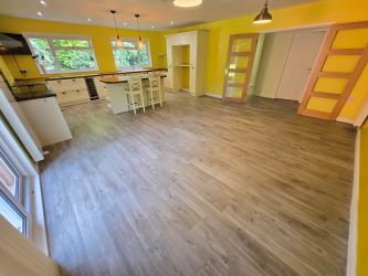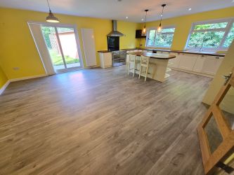 Originally constructed in the mid-1970s and thoughtfully extended, the property is well-presented throughout and offers a blend of modern convenience and rural charm. The accommodation centers around a large open-plan kitchen and dining area, featuring shaker-style units, oak-effect worktops, and quality integrated appliances including a range cooker, dishwasher, and drinks fridge. There is ample space for a large dining table, making this an ideal space for entertaining.
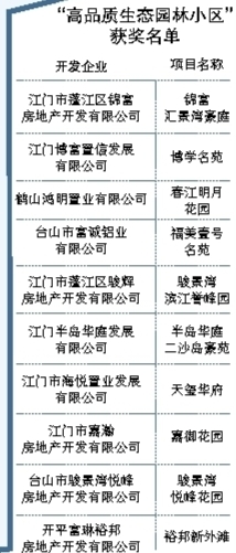 总的来说,在本次评选中,本地的几个实力房企,如博富控股旗下的博学名苑和福美壹号名苑,海悦集团旗下的天玺华府、海悦尚珩华庭和海悦东晟新苑,锦富汇景湾豪庭,骏景湾集团旗下的骏景湾滨江誉峰园和骏景湾悦峰花园,怡福地产旗下的东华名岸园、星湖壹号院、博荟苑,以及半岛华庭二沙岛豪苑、潮闻东方北苑、翡翠观澜花园等,都名列前茅。另外,外来龙头房企,如保利、碧桂园、粤海在江门的项目也榜上有名。
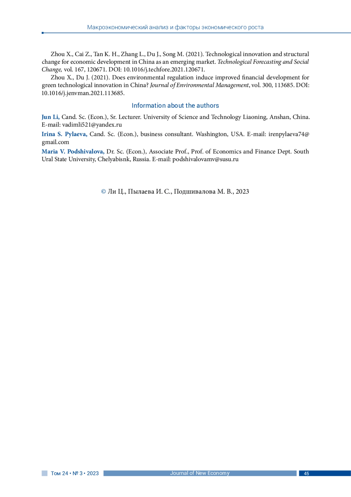 39. Zhou X., Du J. (2021). Does environmental regulation induce improved financial development for green technological innovation in China? Journal of Environmental Management, vol. 300, 113685. DOI: 10.1016/j.jenvman.2021.113685
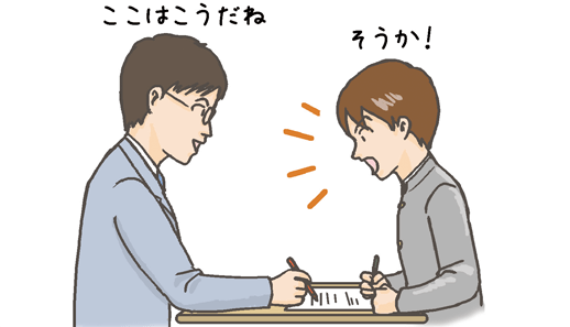 講師がマンツーマンで指導するので、あなたの弱点を見逃しません。どんなに簡単な質問も気軽にでき、説明も納得いくまで受けることができます。自分ではできない記述対策や二次対策も丁寧に添削指導してもらえる贅沢なシステムです。
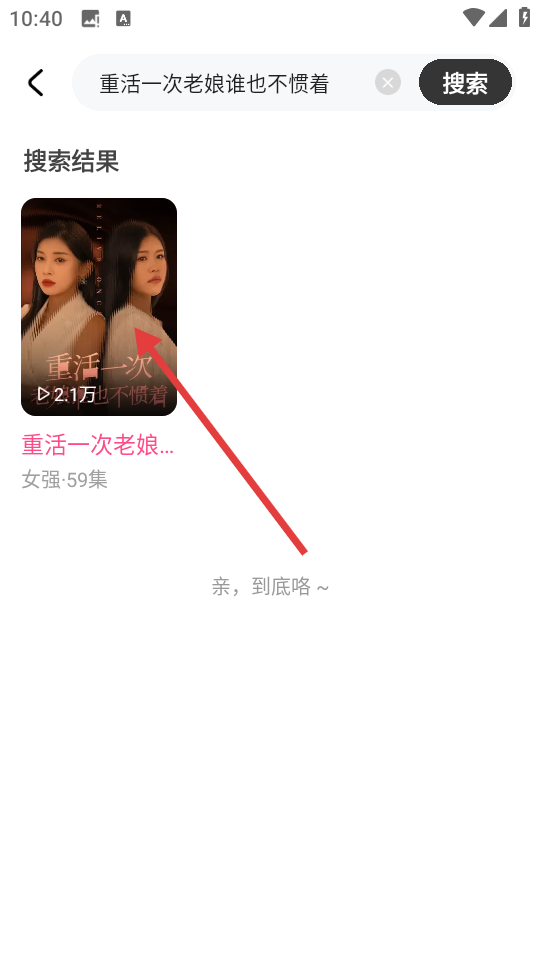 2、在搜索结果页面,点击目标短剧如【重活一次老娘谁也不惯着】,可进入该剧播放页面。
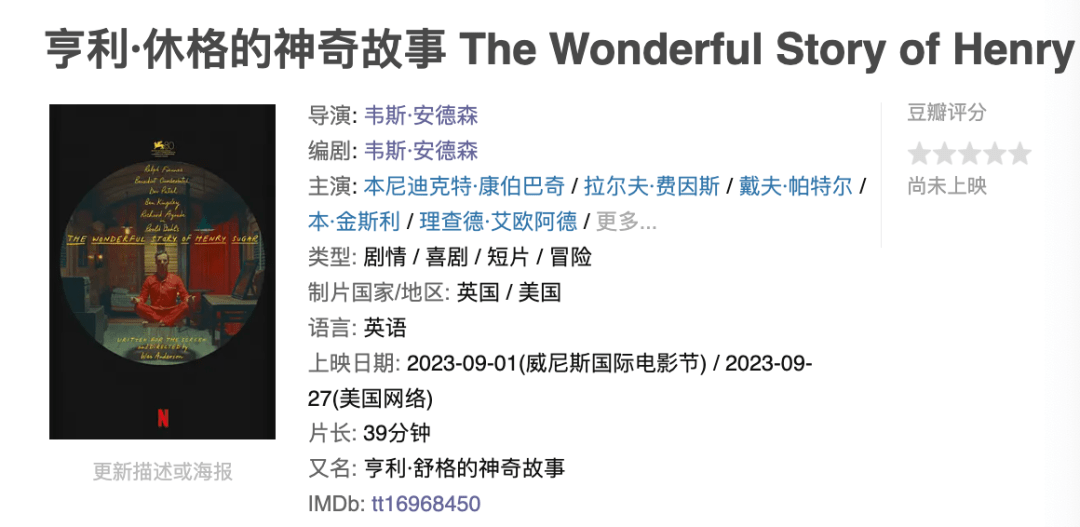 刚离开戛纳,又前往威尼斯,不过呢,这只是韦斯·安德森的一部短片,片长不到40分钟,是去威尼斯展映的,9月末也会登陆网飞。
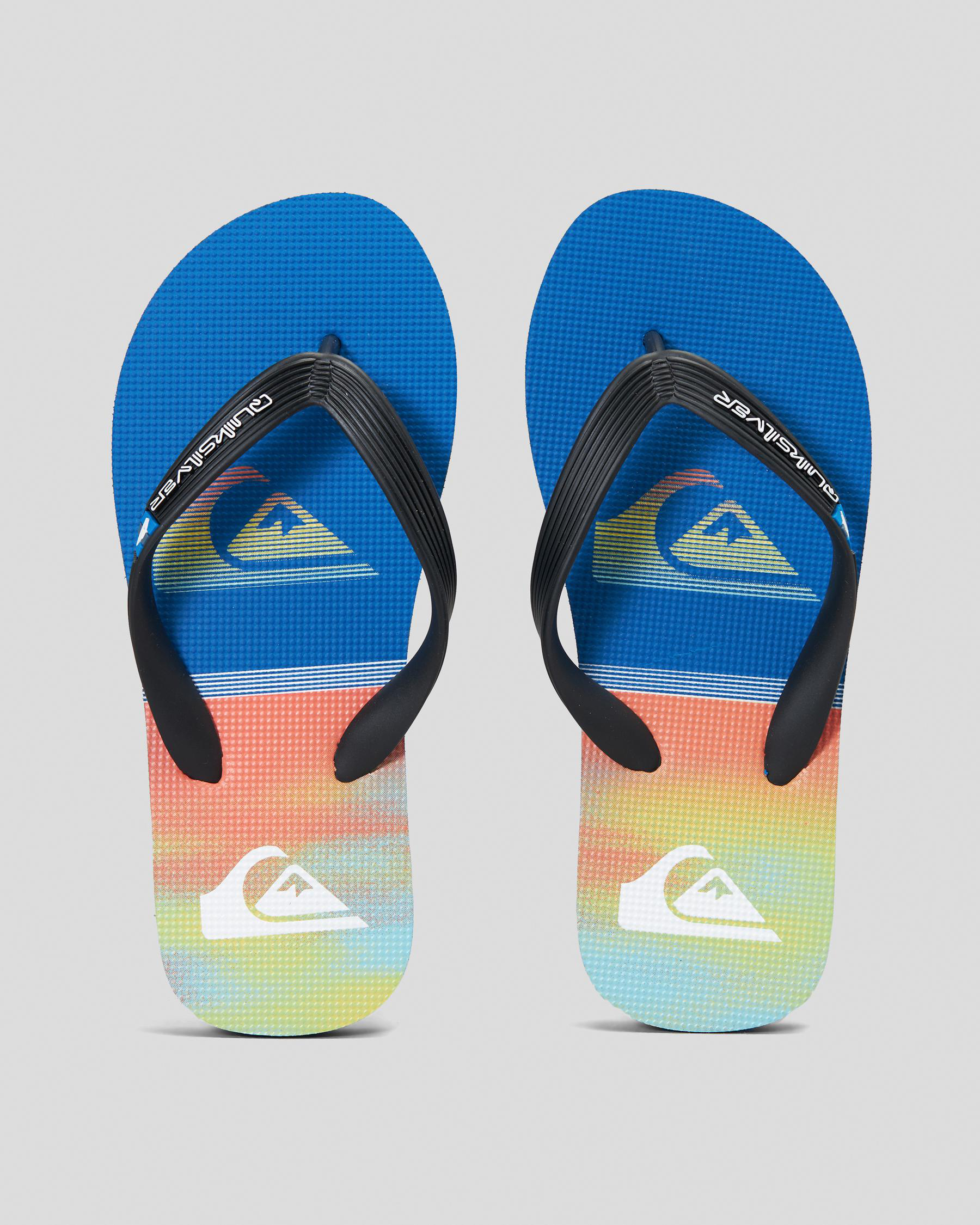 The Quiksilver Boys' Molokai Art Youth Thongs in black are perfect for summer adventures, featuring a comfortable design and stylish look.

________

• What is needed: Extract, character for character, every line from the one that holds "2、在搜索结果页面,点击目标" through the end of the entries above. Include both boundary lines and no pictures.

• Response to the task:
 2、在搜索结果页面,点击目标短剧如【重活一次老娘谁也不惯着】,可进入该剧播放页面。
 刚离开戛纳,又前往威尼斯,不过呢,这只是韦斯·安德森的一部短片,片长不到40分钟,是去威尼斯展映的,9月末也会登陆网飞。
 The Quiksilver Boys' Molokai Art Youth Thongs in black are perfect for summer adventures, featuring a comfortable design and stylish look.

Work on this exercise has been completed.